Electroporation works best with plant tissues that have no cell walls (such as the tubes which develop from pollen grains). Micro- to millisecond pulses of a strong electric field cause minute pores to appear momentarily in the plant cells, allowing DNA to enter from a surrounding solution.
A more recent yet similar method uses microscopic crystals to puncture holes in the plant cells, again allowing DNA to enter them. Another novel method involves the direct injection of DNA into chloroplasts, which have their own DNA. Chloroplast DNA is usually found only in the female parts of plants, and not in pollen. This means that plants modified using this technique cannot transfer their introduced genes through pollen.
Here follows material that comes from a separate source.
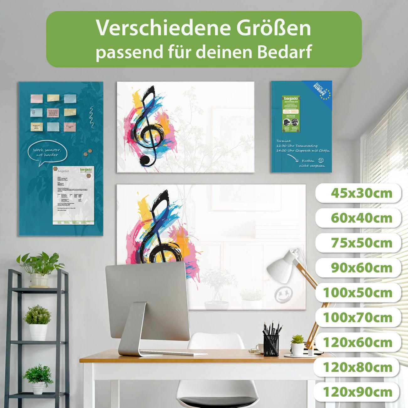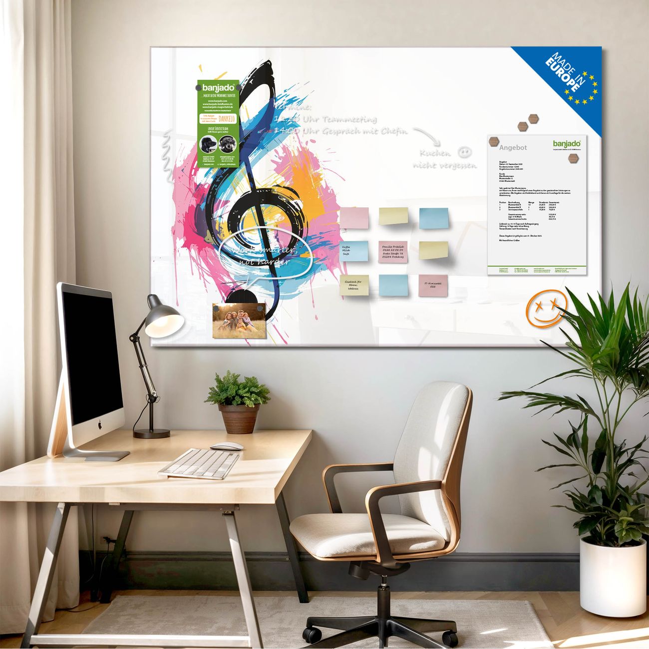 Material: 4mm Sicherheitsglas mit Metallrückwand Eigenschaften: beschreibbar, magnetisch, kratzfest Maße: 120x80x0,6cm, 14,40kg schwer Motiv Nummer 13323 Bunte Notenpalette Zubehör: inklusive 4 Neodym-Magnete

With all current transfer techniques, only a small proportion of the treated cells successfully incorporate the novel DNA. Therefore, so-called marker genes are usually linked to the DNA fragments before their transfer. These marker genes can then be detected easily, enabling scientists to see whether transfer of the desired DNA has taken place. To date, the main markers used have been genes which allow the plant to grow in the presence of a specific antibiotic or herbicide. Other marker systems are being developed.
Antisense technology is used to 'neutralise' the action of specific undesirable genes (such as those involved in the excessive softening of fruit). The same technique can be utilised to combat the activity of plant viruses, providing a means of controlling viral infection. Antisense technology lies behind many of the current applications of plant biotechnology.
Although genetic engineering receives much attention, of as much significance is the application of genetic mapping to plant breeding. By determining the location and likely action of many plant genes, conventional plant breeding is being conducted with greater precision, as it becomes possible to detect quickly and exactly those plants which carry desirable characteristics.